Following a comprehensive eye examination to determine eligibility, qualifying subjects in the preliminary study underwent immediate 4–6 week washout of topical IOP-lowering medications, while in WIGLS qualifying subjects were randomized to immediate washout or to continue current IOP-lowering therapy for an additional 3 or 6 months before commencing washout (to quantify post-randomization regression to the mean). After washout, baseline IOP was established in two sessions 1–3 hours apart (preliminary study) or 1–3 days apart (WIGLS).

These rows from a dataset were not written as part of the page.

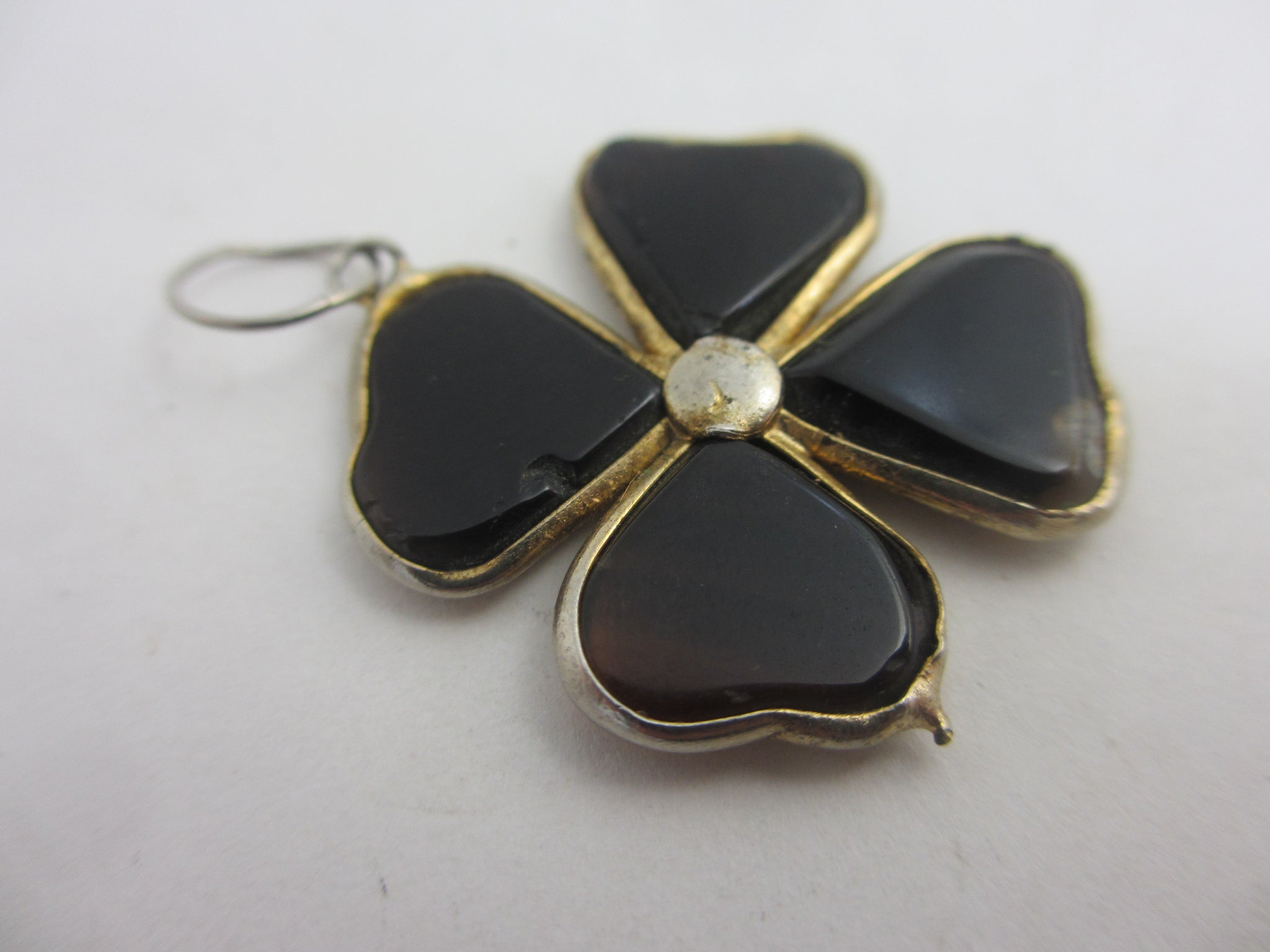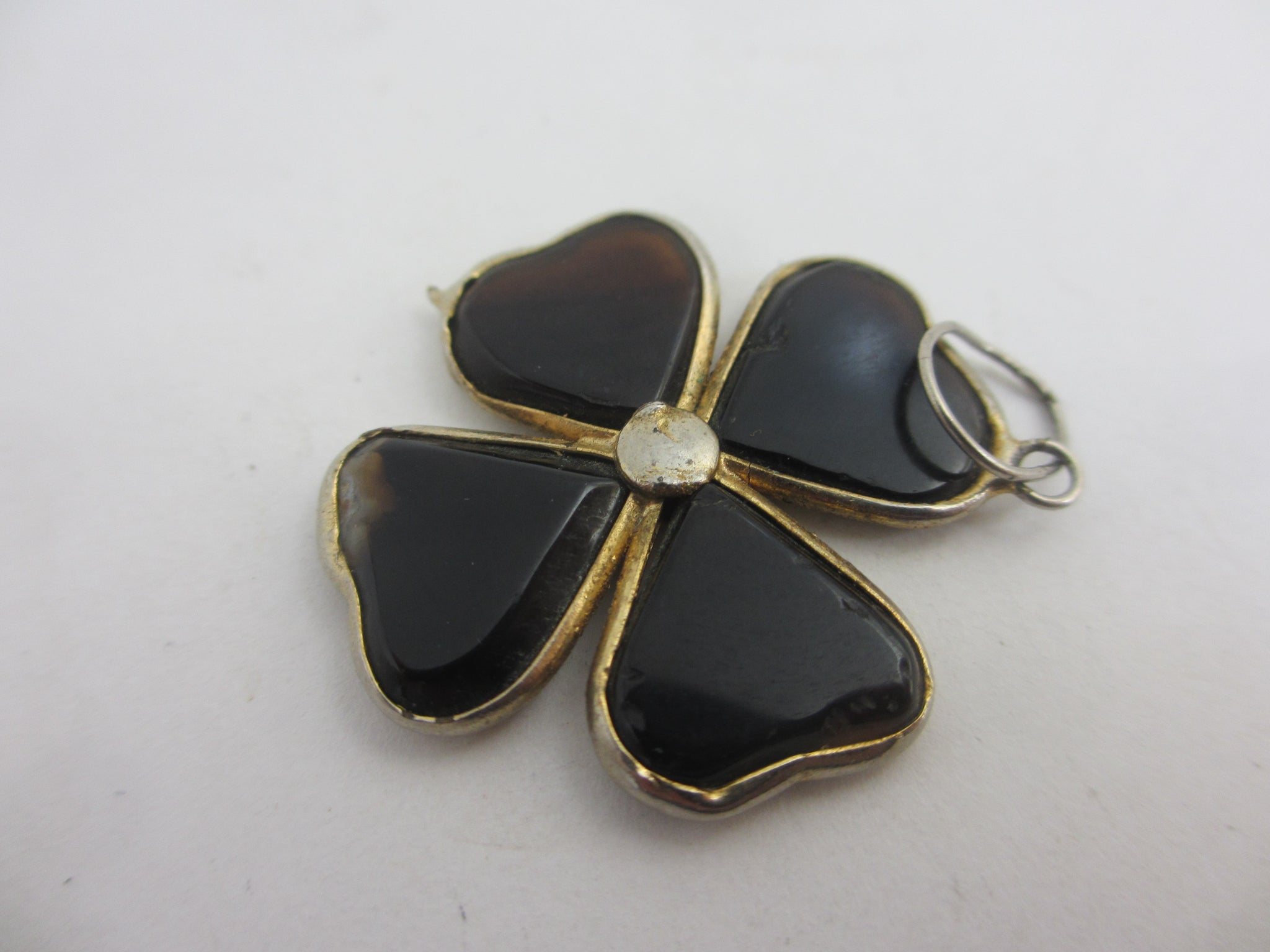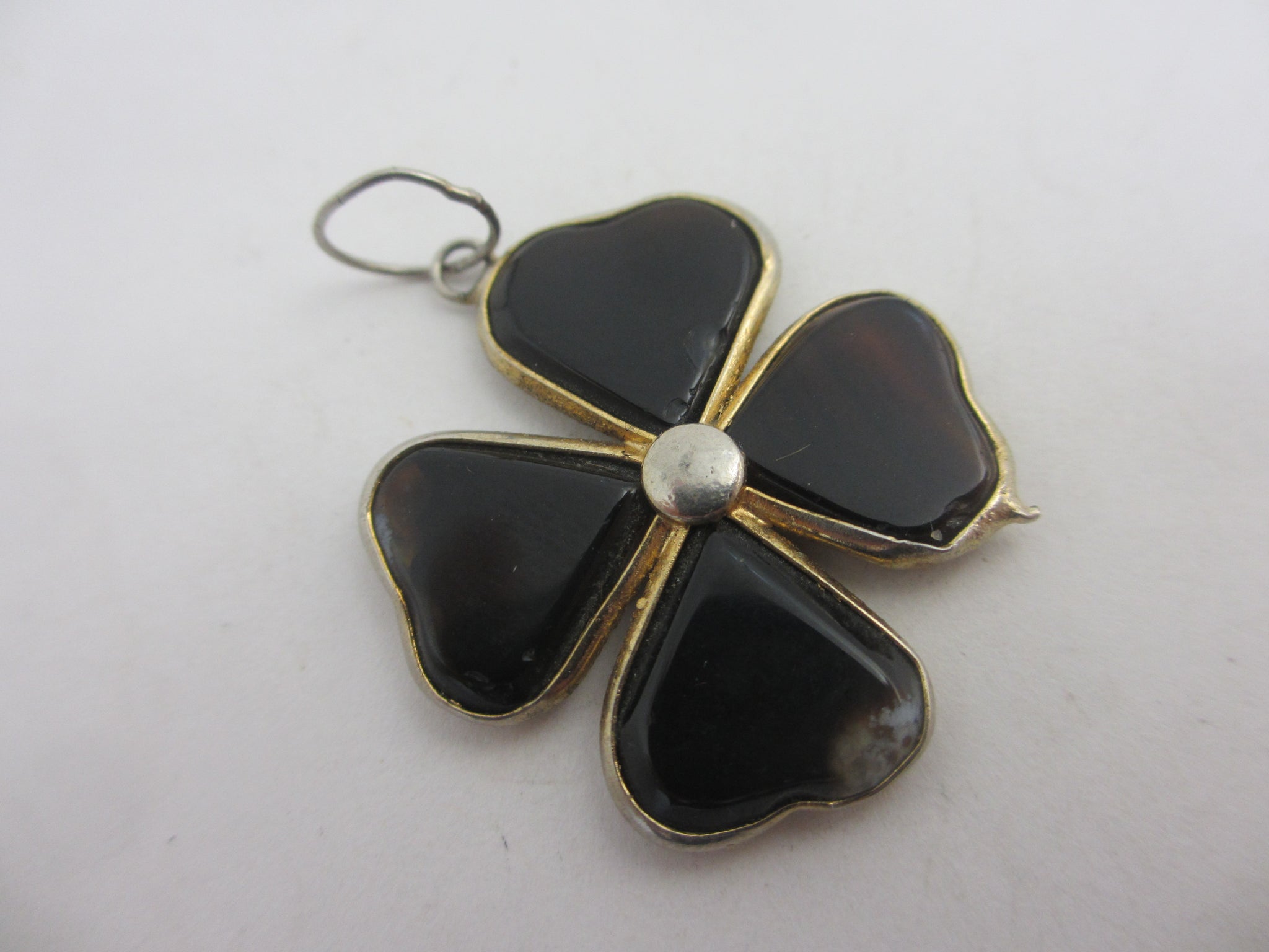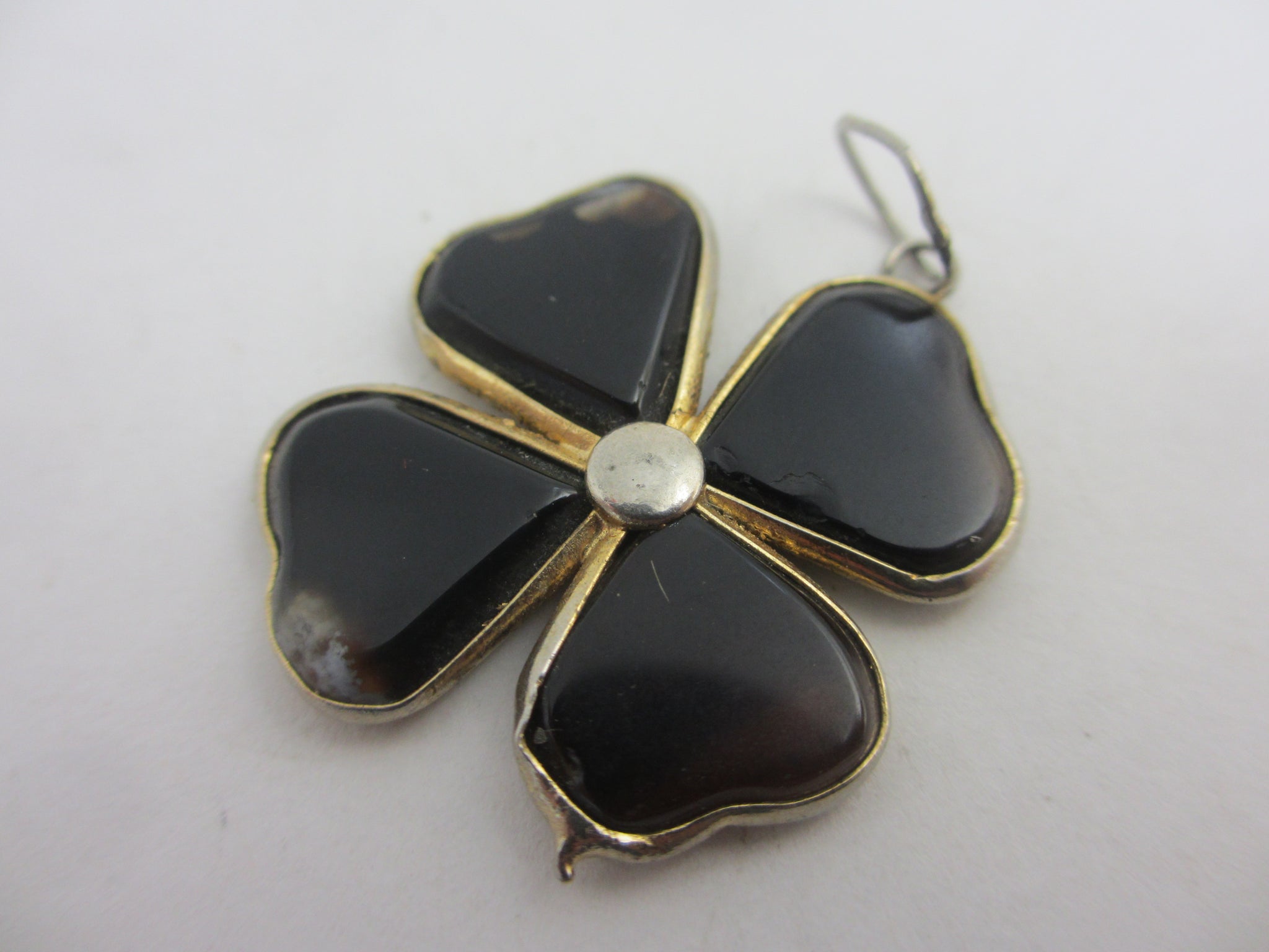 Fantastic dark stones to this lucky 4 leaf clover pendant dating from the Victorian period in sterling silver. The silver has been tested as there are no marks and there is a small nibble to one stone, please see the pictures. Perfect to bring good luck to the wearer.
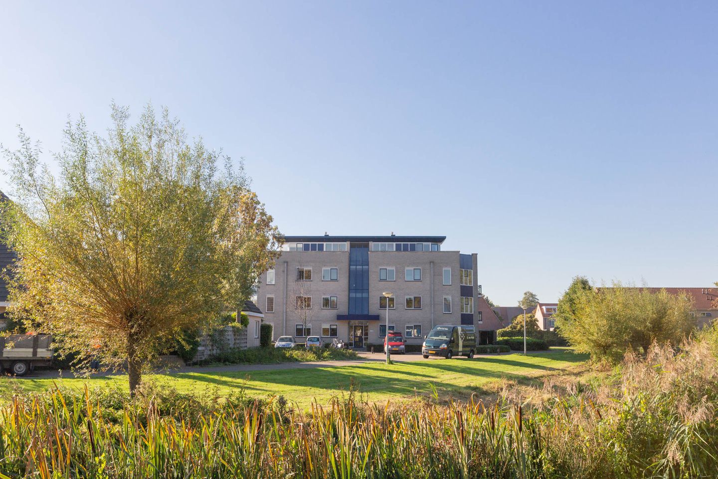 Het appartement is werkelijk op een prachtig plekje gelegen met een vrij uitzicht, wat elke dag weer genieten is. Nabij het complex bevinden zich meerdere parkeerplaatsen, zo kunt u de auto altijd dichtbij uw woning parkeren. Verder ligt het appartement in woonwijk 'Norschoten'. De supermarkten, het centrum van Barneveld en andere openbare voorzieningen bereikt u met enkele minuten.
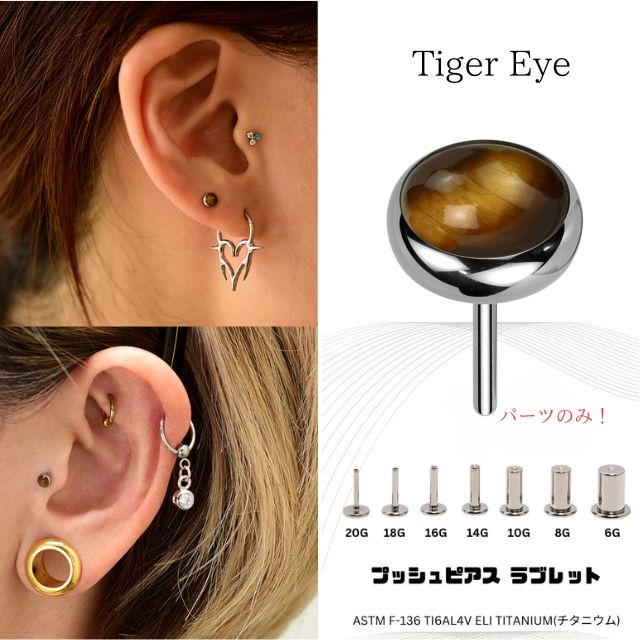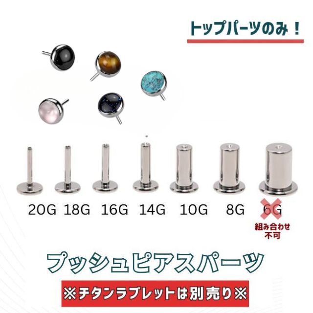 プッシュピアス パーツのみ 20G 18G 16G 14G 10G 8G 天然石ピアス 金属アレルギー対応 ステンレスピアス つけっぱなし 軟骨ピアス ボディピアス
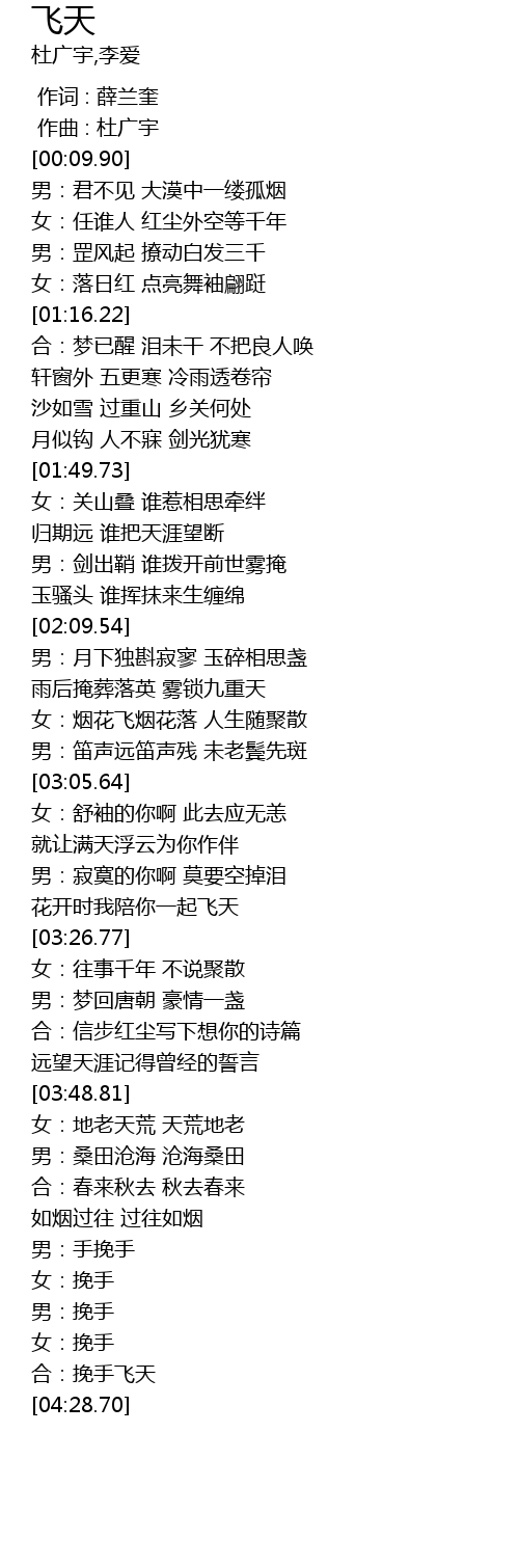| [04:21.87] | hé: wǎn shǒu fēi tiān |

In both studies at all visits, IOP was measured by a single examiner using the same Perkins tonometer at the same time of day (± 2 hours) for each subject following a modified OHTS protocol as follows: with the Perkins tonometer set to 10 mmHg, the examiner adjusted the dial without looking at it to achieve applanation; the Perkins tonometer was removed from the eye, the IOP read and recorded, and the dial set back to 10 mmHg. This process was repeated in the same eye, with a third reading taken only if the first two differed by 4 mmHg or more. These two (or three) values were averaged. The procedure was then repeated on the fellow eye. The average of all IOP measurements in both sessions was taken as the baseline IOP. Following the final baseline IOP assessment, SLT was performed as follows: after instillation of topical anesthetic and brimonidine 0.2%, approximately 100 treatment spots were applied to the full 360 degrees of the trabecular meshwork in each eye; the energy was adjusted throughout the procedure to produce tiny champagne bubbles with every second or third spot. All SLT treatments were delivered using the Lumenis Selecta II portable slit-lamp mounted platform and the Latina lens. Subjects were then reexamined 1 hour, 1 week, and 1 month post-SLT, and then every 3 months (through January 2017) or every 4 months (after January 2017) thereafter through September 2018. SLT retreatment was based on pre-specified retreatment criteria related to exceeding target IOP at 2 consecutive study visits.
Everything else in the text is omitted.